九步到缸,九步回阶。走了三遍,又走三遍。
刀搁在台阶上,刀尖对着院门,像在给她望风。她没看它。
快十四了。
褚玉安十三筑基,冉秋十四,孟南枝十四。扶桑十五,但人家体剑双修,打了三年底。
她呢?
练气十一层。三个月了。都没有到炼 气十二层。那层窗户纸就在那儿,看得见,摸不着。
九步。转身。
她低头看自己的手。雷光还能亮,风还能起,冰还能凝。可有什么用?练气就是练气。
九步。转身。
师父说,急不得。可师父筑基的时候多大?没人告诉她。
褚玉安说,你急什么,反正你是我师姐。可他十三就筑基了,站着说话不腰疼。
九步。转身。
她走到第七遍,忽然停下。
低头一看——青砖上被她踩出一道浅浅的白痕,从台阶到缸边,从缸边到台阶,来来回回,像谁用刀刻的印子。
她盯着那道白痕看了很久。
然后抬起头,看着那口缸。
缸里的水纹丝不动,倒映着灰蒙蒙的天。水里也有一个她,黑发紫眼,站在那儿看她。
“你什么时候筑基的?”她问。
水里的人没说话。
她又问一遍:“你什么时候筑基的?”
还是没说话。
风云螭盯着那张和自己一模一样的脸,忽然觉得很烦。
烦死了。
她一脚踢在缸沿上。
——然后就被拽进去了。
那一缸水的平面。
不是波纹。

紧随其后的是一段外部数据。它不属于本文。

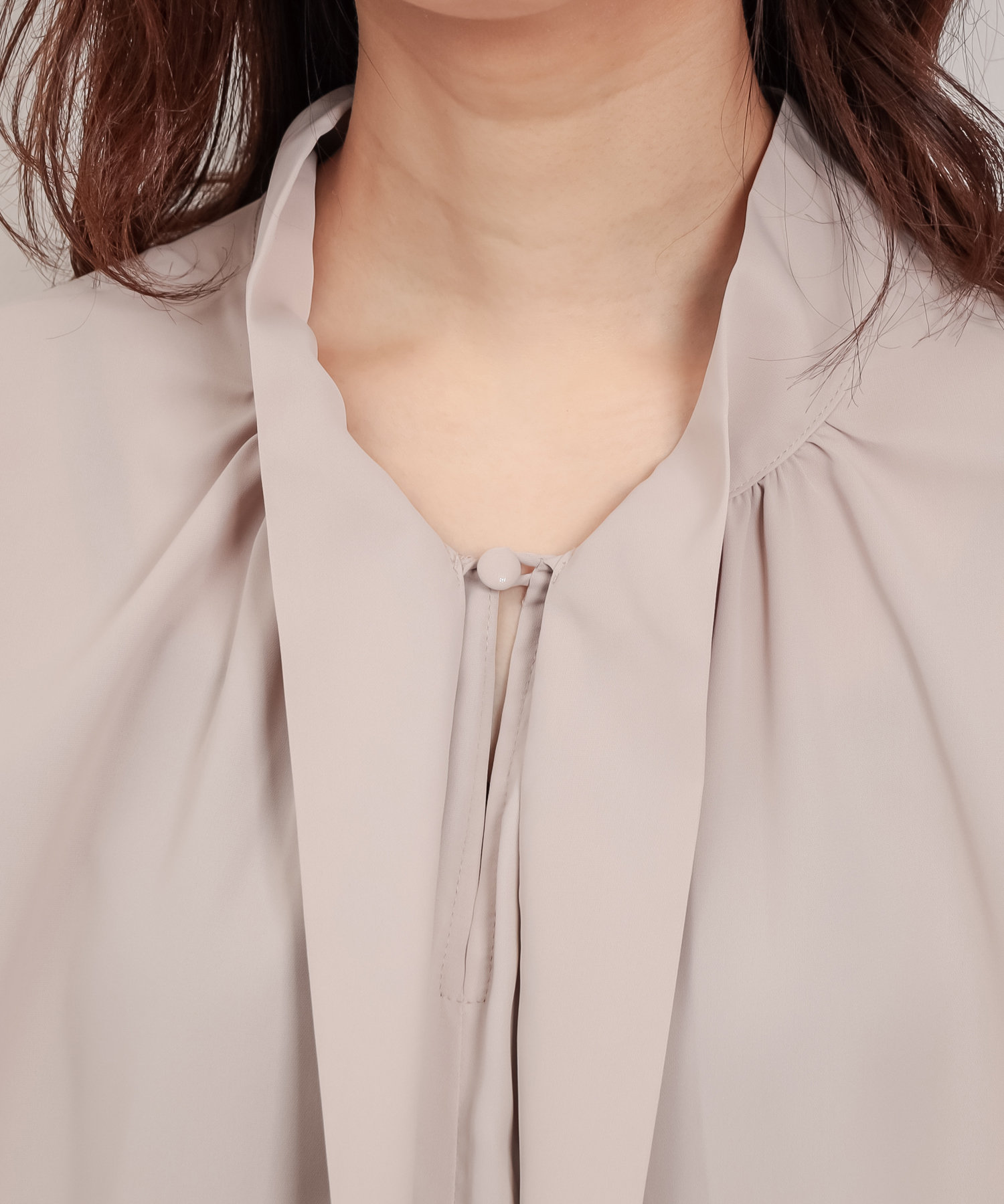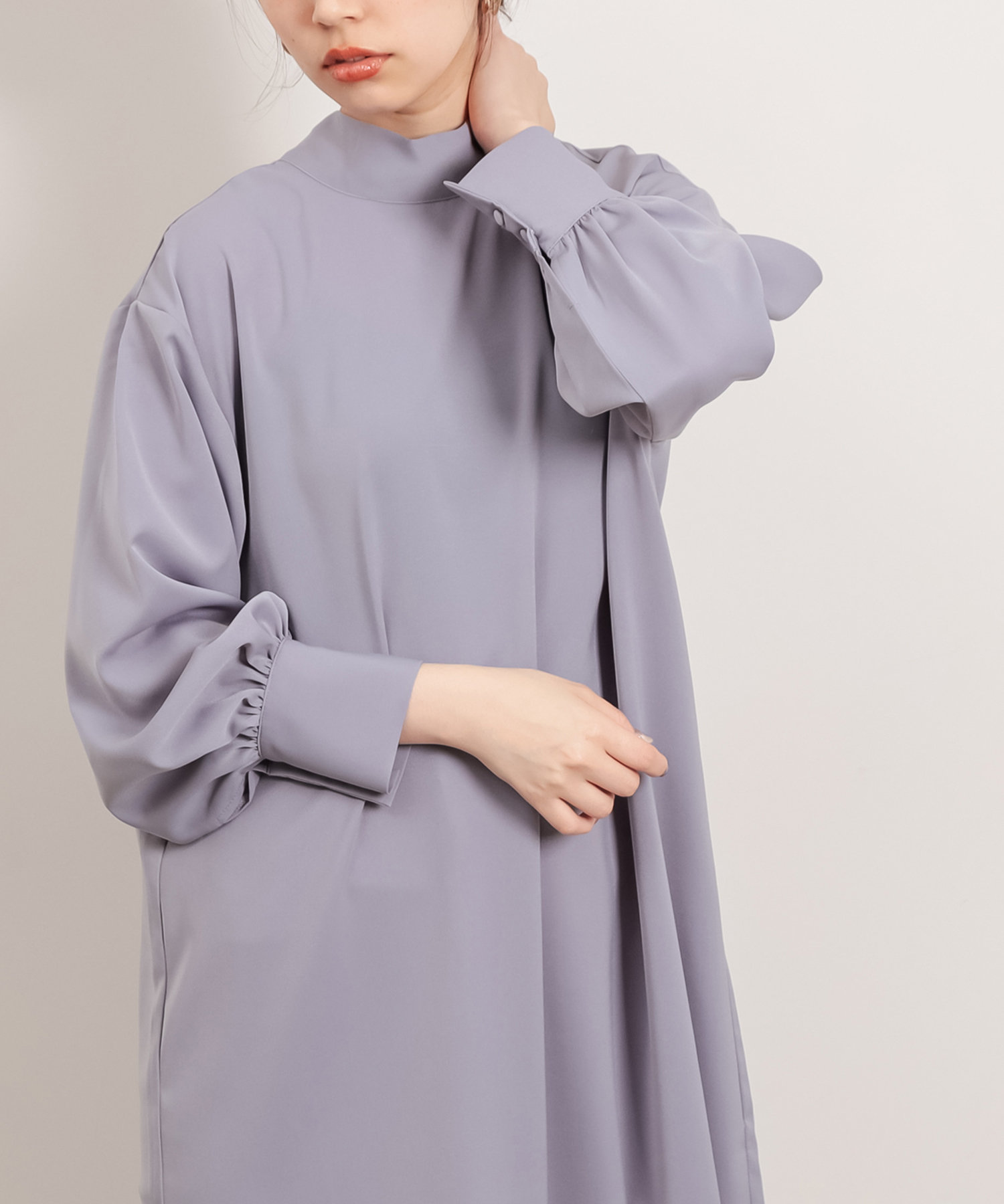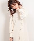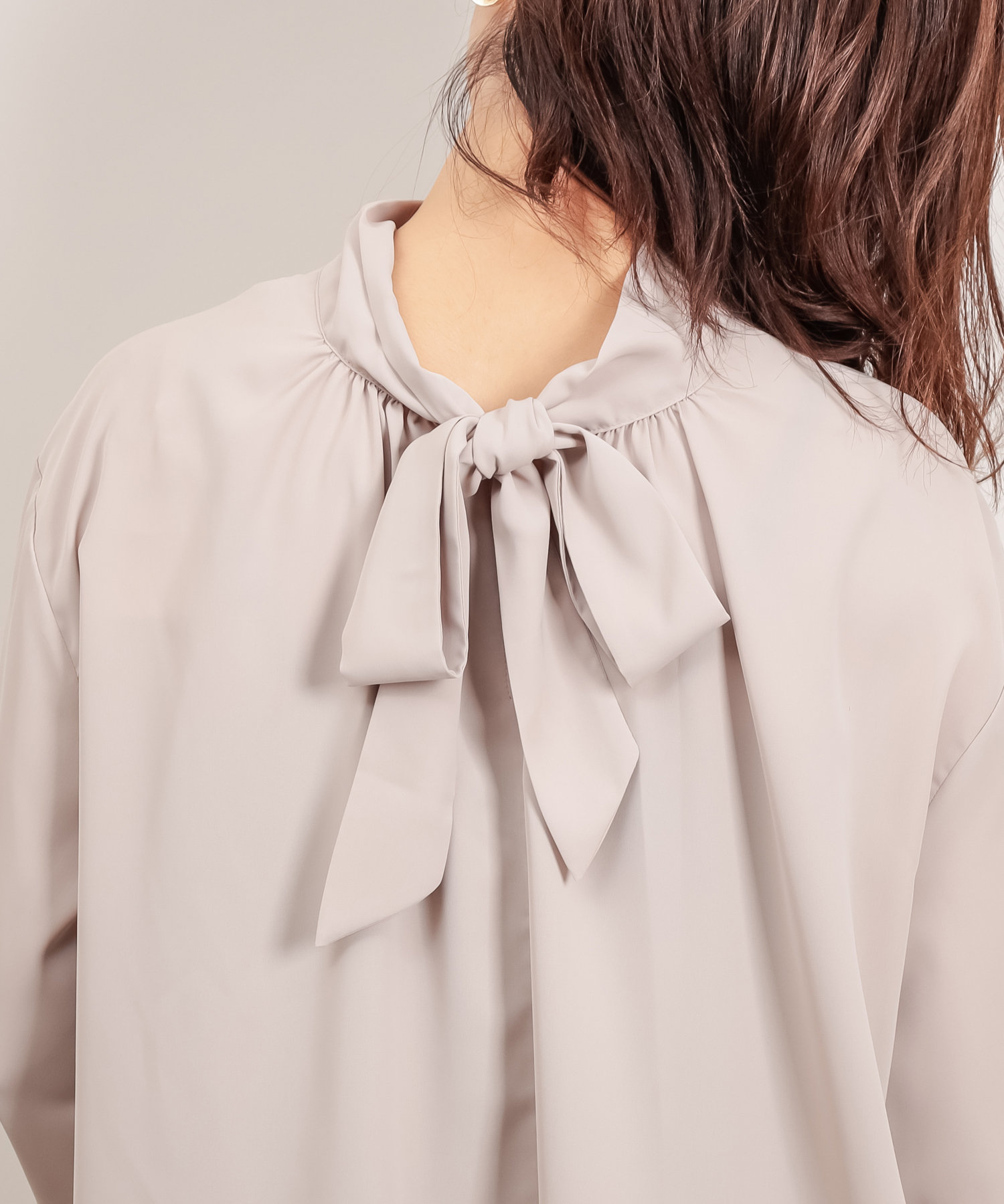 クラシカルなボウタイ側と、モードなハイネックの襟元を前後2WAYで楽しめます。

是整汪水忽然竖了起来,像一张立起来的纸,又像一道没有边框的门。风云螭只来得及看见自己的倒影在水面上扭曲成一个陌生的形状,然后——
一股力量从水里探出来,攥住她的手腕,把她整个人拽了进去。
她听见褚玉安在院门外喊“小师姐我给你带了——”的声音被瞬间掐断,像被人捂住了嘴。
然后是黑暗。
不是夜里的那种暗。是沉进水底的那种暗。四面八方都是水,可她睁着眼,水却进不了眼睛;她张着嘴,水却进不了喉咙。她就那么悬在一片虚空里,周围什么都没有,只有她自己和那把刀。
还有一口缸。
那口缸就在她面前。灰陶的,和她院子里那口一模一样,可它不在水里,它就在水里待着,像是一直待在这儿,等她来。
缸沿上蹲着一个人。
很小。比她现在还小。八九岁的样子,黑发紫眼,穿着她早就不穿了的旧衣裳,正低头看着缸里的水。
风云螭低头看自己。
她也是八九岁的样子。
“你是谁?”她问。
那个小女孩抬起头,看了她一眼。
那双眼睛是紫色的,和她一模一样。可那紫更浅,更亮,像是还没有沉过任何东西的暮色。
“你。”小女孩说。
风云螭沉默了一息。
“我知道是我。”她说,“我是问你在这里干什么。”
小女孩低下头,又看着缸里的水。
“等你。”
“等我干什么?”
小女孩没有回答。她伸出一根手指,轻轻点在水面上。
水面上漾开一圈涟漪。涟漪底下,有什么东西浮上来。
是一把刀。
灰扑扑的,刀身上有一只小小的爪印。和风云螭手里那把一模一样。
可它更小。小得像一个还没有做完的梦。
“这是你的。”小女孩说。
风云螭低头看了看自己手里的刀,又看了看水里那把。
“我有了。”
“那不一样。”小女孩道,“这是你没拿到的时候。”
风云螭听不懂。
她向来听不懂这种话。师父说话她听不懂,扶桑说话她有时也听不懂,现在连小时候的自己说话她也听不懂。
“你要给我什么?”她直接问。
小女孩看了她一眼,忽然笑了一下。
那是风云螭从来没有见过的表情。她不知道自己小时候会这样笑——嘴角轻轻弯着,眼睛亮亮的,像是看见了什么特别好的东西。
“你知道了。”小女孩说。
“知道什么?”
小女孩没有回答。她伸手指了指缸里的水。
风云螭低头看去。
水面上映着两个人。一个蹲在缸沿上,八九岁;一个悬在水里,也是八九岁。一模一样。
可当她仔细看,那水面上还有一个倒影。
在她身后。
很远很远的地方,有一道模模糊糊的影子,立在一片灰蒙蒙里,像是在看她,又像是在看别的什么。
风云螭回头。
什么都没有。
再转回来的时候,小女孩不见了。
缸沿上空空的,只有那口灰陶的缸,还有缸里那汪水。
水里那把小小的刀还在。
风云螭伸出手,握住它。
就在她握住的瞬间——
所有的水都涌了过来。
不是淹过来。是涌过来。像是那些水一直在等她伸手,等她握住那把刀,然后它们就可以找到进来的路。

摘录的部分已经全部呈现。